### Problem to solve:
Span requested from the data below: the line with "Pimpinan dan keluarga" through the line with "An aged control", both included. Give only these lines again, exactly, and leave every picture out.

### Data records:
= Beginning of Section =

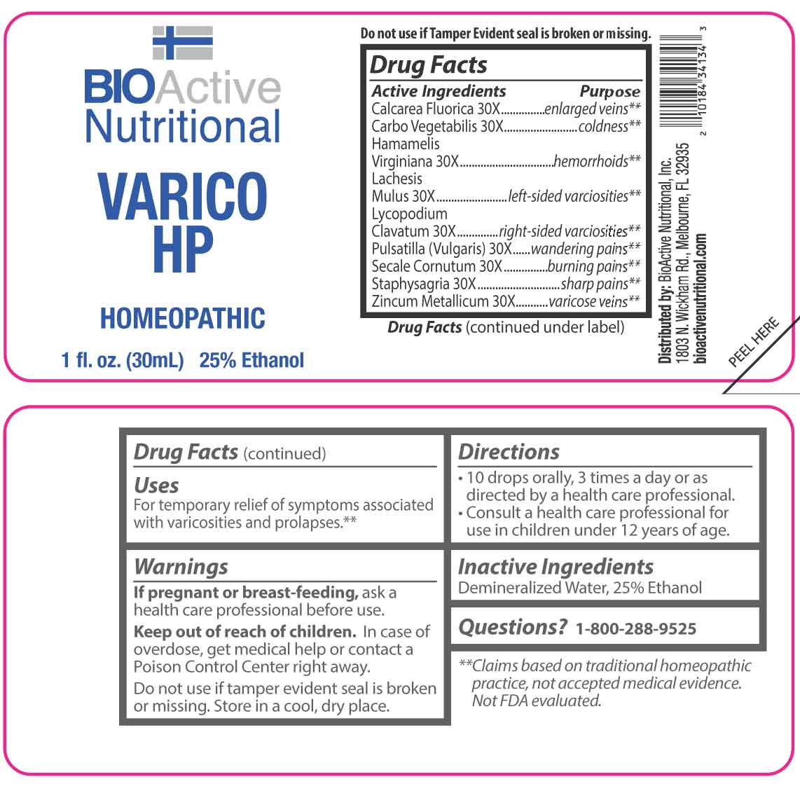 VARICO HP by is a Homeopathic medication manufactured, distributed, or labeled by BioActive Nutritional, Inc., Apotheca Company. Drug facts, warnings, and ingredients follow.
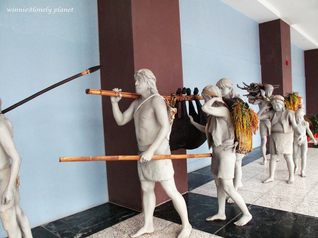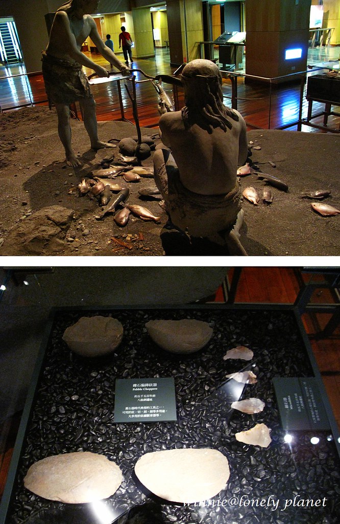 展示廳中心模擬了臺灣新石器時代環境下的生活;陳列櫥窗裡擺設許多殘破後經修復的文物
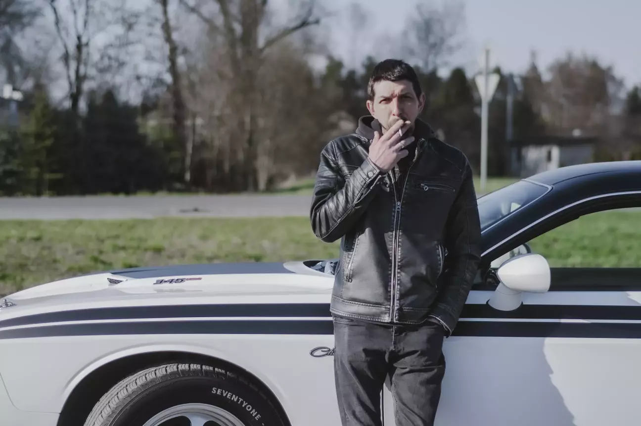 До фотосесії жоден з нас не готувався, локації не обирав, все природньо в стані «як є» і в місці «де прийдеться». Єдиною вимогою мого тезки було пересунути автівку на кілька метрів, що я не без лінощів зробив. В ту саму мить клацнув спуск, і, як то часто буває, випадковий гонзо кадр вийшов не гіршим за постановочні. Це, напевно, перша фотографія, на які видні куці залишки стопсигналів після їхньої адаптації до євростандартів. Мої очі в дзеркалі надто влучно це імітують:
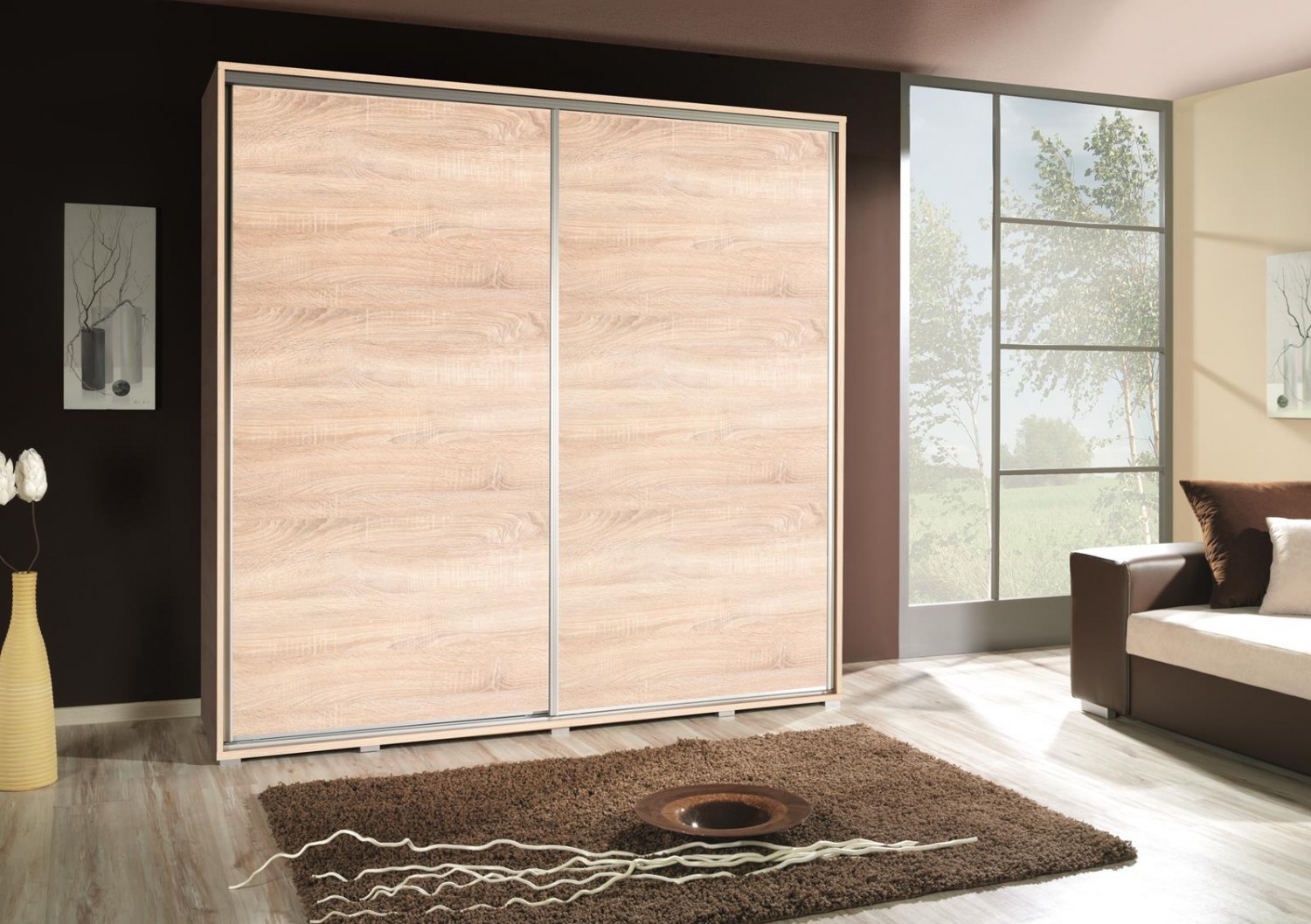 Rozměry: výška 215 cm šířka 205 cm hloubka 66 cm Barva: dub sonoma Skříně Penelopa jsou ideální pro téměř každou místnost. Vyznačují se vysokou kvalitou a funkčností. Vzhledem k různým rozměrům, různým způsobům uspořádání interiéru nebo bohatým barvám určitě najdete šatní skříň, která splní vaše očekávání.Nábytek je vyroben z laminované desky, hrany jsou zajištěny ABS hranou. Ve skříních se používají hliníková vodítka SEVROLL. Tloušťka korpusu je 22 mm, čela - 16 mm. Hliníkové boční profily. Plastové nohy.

= End of Section =
= Beginning of Section =

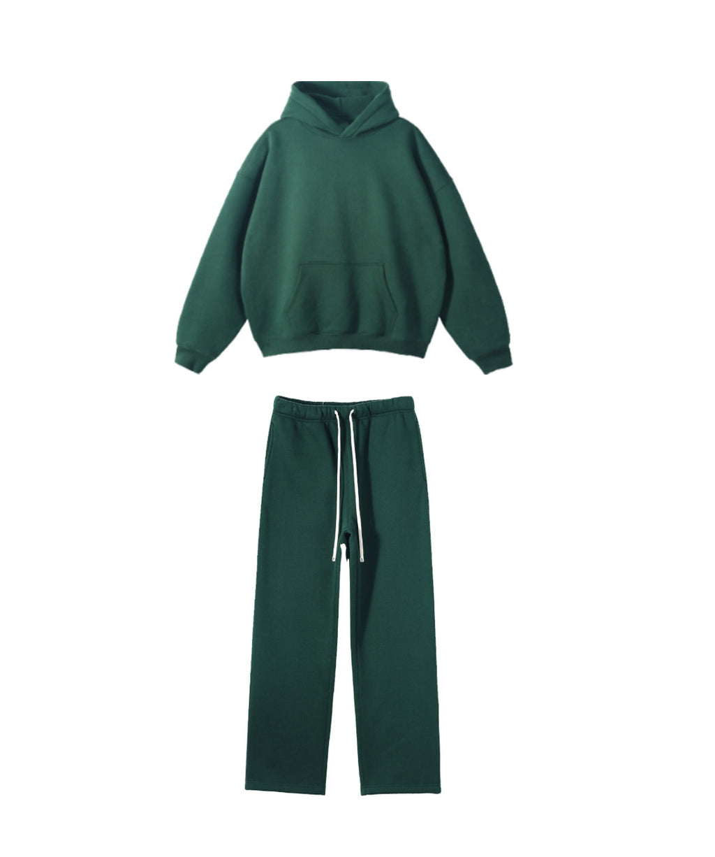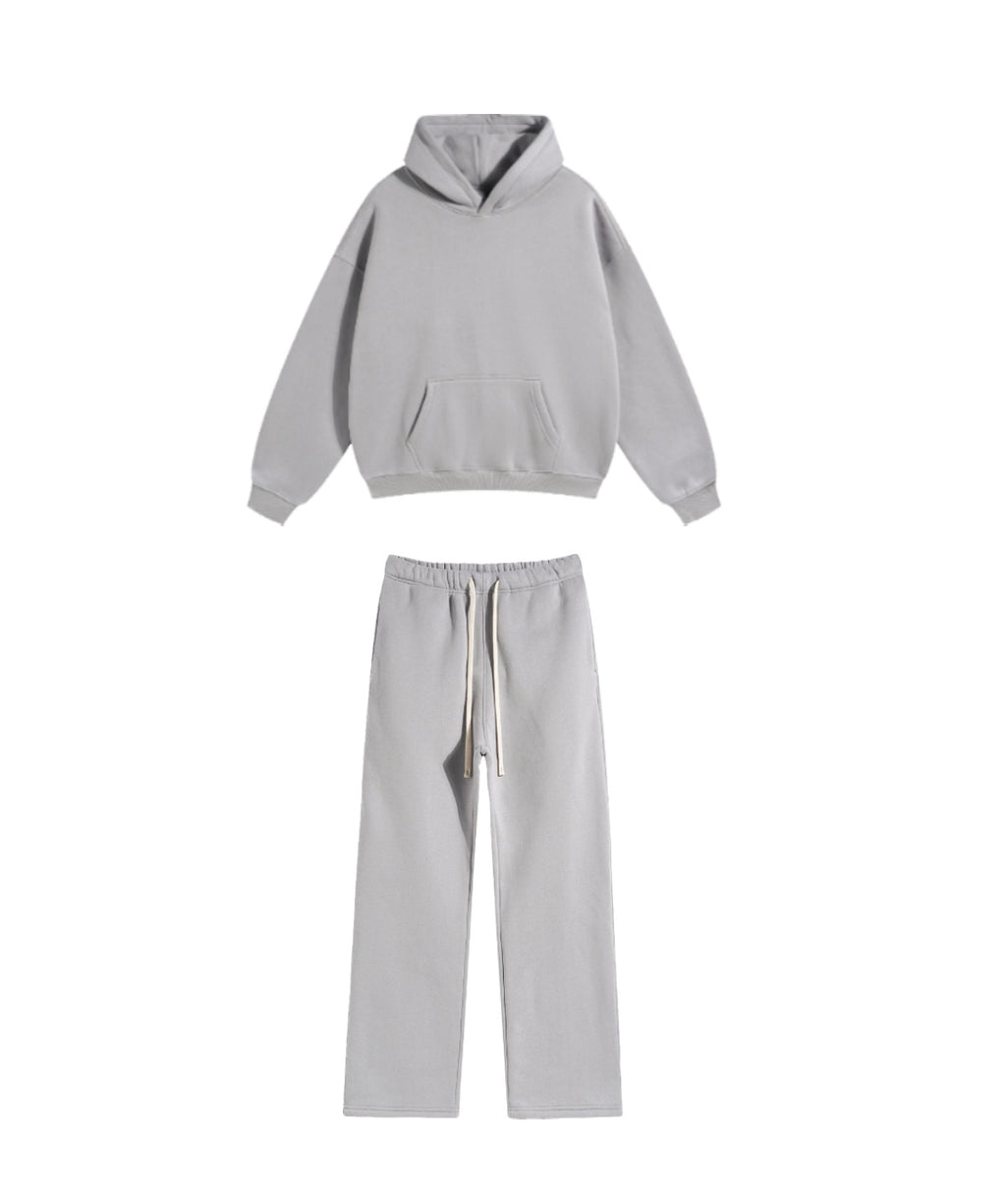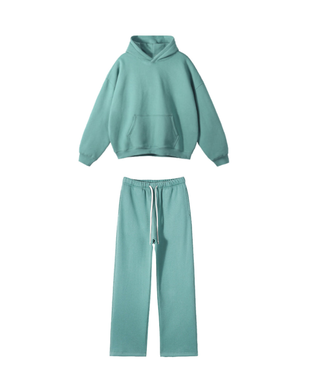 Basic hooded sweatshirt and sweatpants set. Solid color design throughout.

= End of Section =
= Beginning of Section =

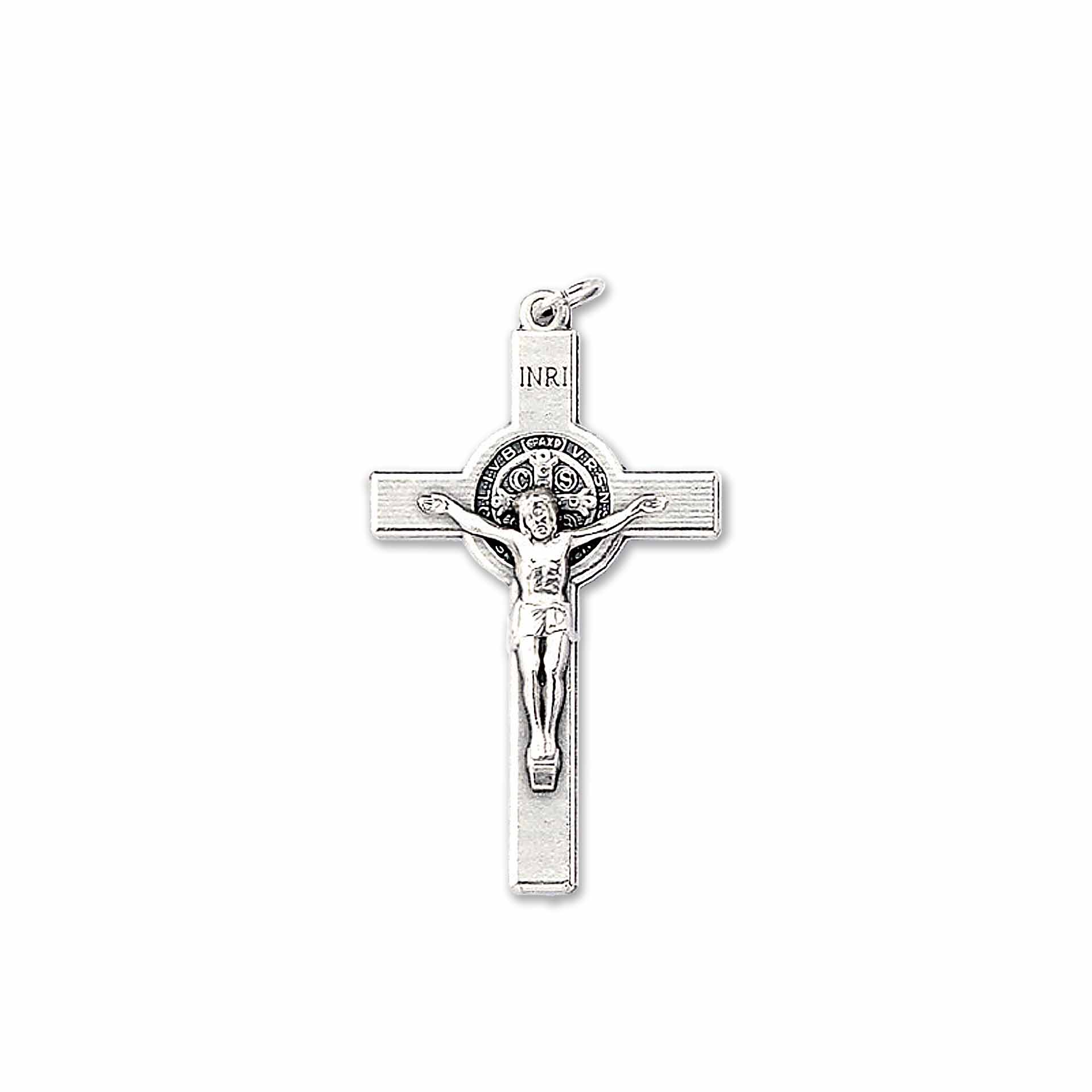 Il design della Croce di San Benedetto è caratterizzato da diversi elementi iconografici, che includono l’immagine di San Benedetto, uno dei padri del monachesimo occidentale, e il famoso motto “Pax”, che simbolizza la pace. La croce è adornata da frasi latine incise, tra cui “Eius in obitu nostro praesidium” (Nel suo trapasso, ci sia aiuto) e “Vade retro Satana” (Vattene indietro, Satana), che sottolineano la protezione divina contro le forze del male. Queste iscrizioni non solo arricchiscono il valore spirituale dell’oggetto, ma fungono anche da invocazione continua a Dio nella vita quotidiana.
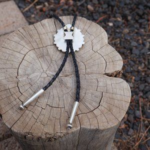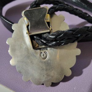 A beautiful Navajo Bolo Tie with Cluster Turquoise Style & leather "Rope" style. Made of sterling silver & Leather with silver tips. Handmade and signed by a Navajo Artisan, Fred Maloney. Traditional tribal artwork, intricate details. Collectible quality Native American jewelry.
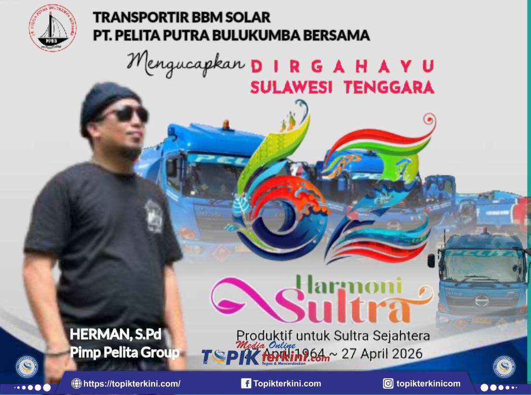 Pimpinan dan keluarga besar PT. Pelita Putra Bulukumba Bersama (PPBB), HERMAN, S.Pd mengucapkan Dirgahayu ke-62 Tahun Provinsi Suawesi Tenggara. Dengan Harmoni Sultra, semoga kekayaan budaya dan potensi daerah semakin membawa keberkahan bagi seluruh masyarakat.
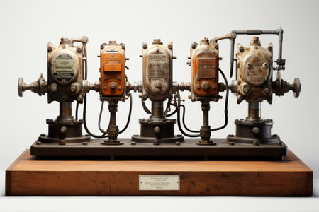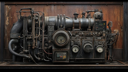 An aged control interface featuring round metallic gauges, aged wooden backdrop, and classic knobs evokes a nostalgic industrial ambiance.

= End of Section =

### Task response:
 Pimpinan dan keluarga besar PT. Pelita Putra Bulukumba Bersama (PPBB), HERMAN, S.Pd mengucapkan Dirgahayu ke-62 Tahun Provinsi Suawesi Tenggara. Dengan Harmoni Sultra, semoga kekayaan budaya dan potensi daerah semakin membawa keberkahan bagi seluruh masyarakat.
 An aged control interface featuring round metallic gauges, aged wooden backdrop, and classic knobs evokes a nostalgic industrial ambiance.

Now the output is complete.